Dans le contexte de l’étude urbaine du centre bourg de Martignas-sur-Jalle conduite par le bureau d’études Masterplan, la Direction de l’aménagement de Bordeaux Métropole a commandé une étude d’archéogéographie. Ses objectifs sont d’apporter de l’intelligibilité à la maîtrise d’ouvrage et à la maîtrise d’œuvre sur la fabrique de l’espace urbain dans le temps long afin de comprendre sa genèse et son évolution et d’attirer l’attention sur des logiques et héritages utiles au projet urbain.
Plusieurs points saillants ont ainsi été relevés qui s’organisent en plusieurs phases :
- Du Moyen Âge jusqu’au début de l’époque moderne avec : Une centralité historique primitive autour de l’ancienne église Notre-Dame (cimetière actuel) ; La formation de plusieurs carrefours de grandes voies, au nord de cette centralité historique, qui émergent à une date postérieure à sa fixation, probablement en lien avec un point de franchissement de la jalle et la fixation d’un marché qui constituent un attracteur.

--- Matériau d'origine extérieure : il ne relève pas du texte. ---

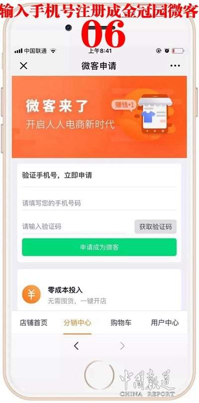 中国报道讯(吴蜀丰)微客是金冠园销售系统的一部分,每个人都可以通过金冠园微商城赚钱。成为金冠园微客后,在金冠园商城销售产品,根据不同的产品可享受约6-15%佣金。
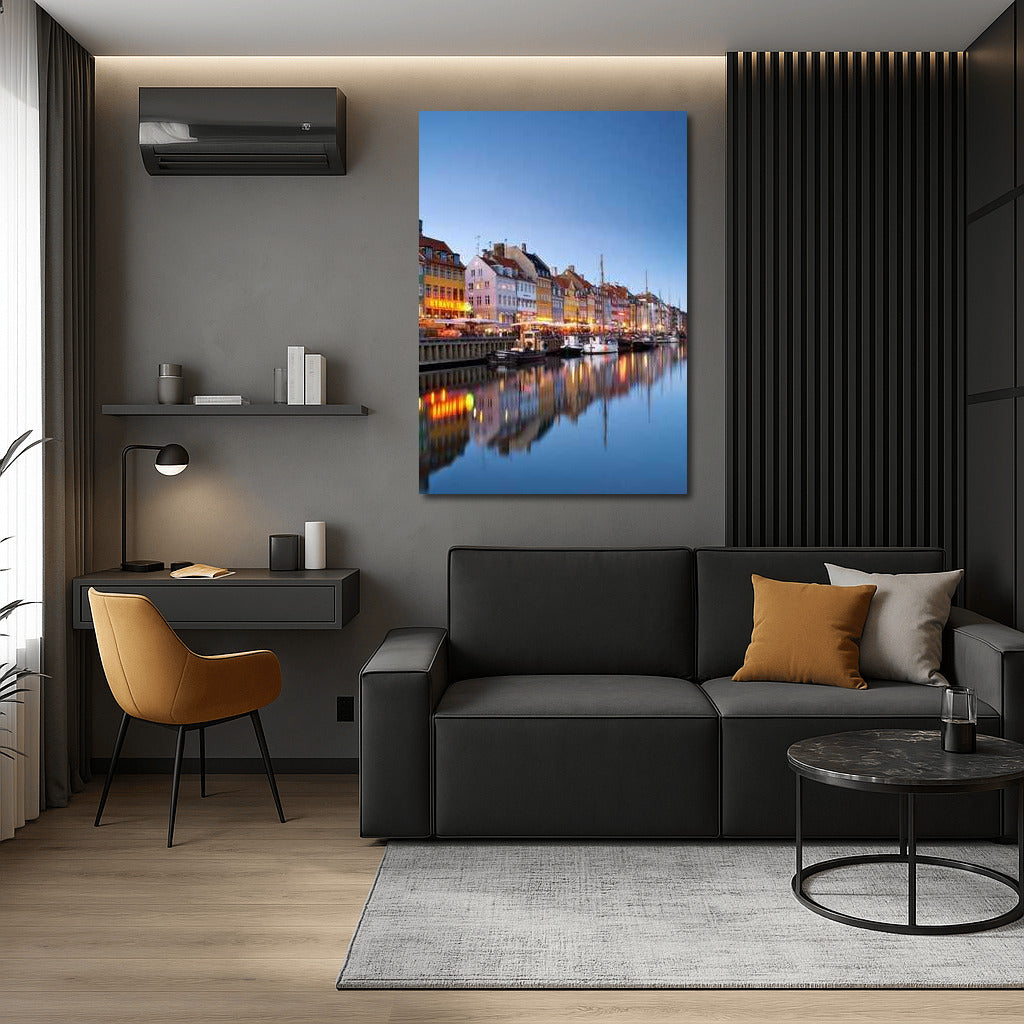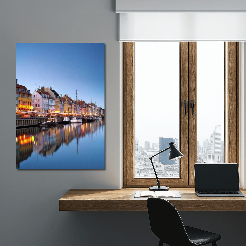 Evening Lights of Copenhagen Waterfront: The Charm of Denmark Wall Art

- A la fin de l’époque moderne avec : Un glissement de l’habitat vers le nord provoqué par cet attracteur. Ce glissement est déjà bien amorcé avant le début du XVIIIe siècle et est totalement achevé au début du XIXe ; Une organisation polycentrique du nouveau bourg autour de grandes places, dont la forme irrégulière pourrait être liée à la circulation de troupeaux de moutons parqués la nuit dans des bergeries situés dans le bourg lui-même ; Le tissu très lâche du bourg, lié à l’activité largement pastorale de la population encore au début du XIXe siècle, et un bâti peu dense ; La réorganisation de ces places, dans la première moitié du XIXe siècle, au profit d’un réseau de voies plus hiérarchisé dont le tracé est re-profilé ; La création, dans la seconde moitié du XIXe siècle, d’une centralité au nord du nouveau bourg avec la construction d’une nouvelle église, d’une mairie-école et d’un presbytère ; La création de deux tronçons rectilignes sur le tracé des deux voies reliant Martignas à Saint-Jean-d’Illac permettant une circulation plus rapide et directe entre les deux bourgs ; Des lieux de sociabilité constitués par des commerces de proximité et des restaurants (Charlot et Beaubois) ; Des espaces privés non bâtis occupés par des jardins clos et des prairies qui font du bourg un espace très aéré ; Des espaces publics largement appropriés par les riverains (tables, chaises, bancs), ce qui participe de la sociabilité du bourg à cette époque.
- Au début du XXe siècle avec : L’extension progressive, à partir des années 1930, puis très rapide, à partir des années 1970, de l’urbanisation en périphérie du bourg, puis de plus en plus éloigné de lui ; Le délaissement et la conservation du centre bourg ancien dans cet espace urbain, résultant de cet étalement pavillonnaire ; Une perte de porosité des espaces et de la notion de place, due en partie à la densification urbaine et à l’accaparement de l’espace public par la voiture ; Une relative bonne conservation du patrimoine architectural ancien auquel sont venues s’adjoindre des constructions d’époques plus récentes (et de styles différents) ; La disparition des lieux de sociabilité ancien (établissement Beaubois) ;
- A partir des années 1980, une transition s’opère qui se caractérise par : L’affirmation d’une polarité commerciale au nord du bourg ancien qui est devenu, au fil des décennies, un lieu de sociabilité important qui participe d’un glissement de la centralité héritée ; La nécessité de réintégrer le bourg ancien dans le dynamique urbaine en cours (d’où le projet actuel), au risque de le voir se diluer progressivement et perdre toute lisibilité et identité.
[Cette étude a été réalisée avec la collaboration de Maxime Foucard].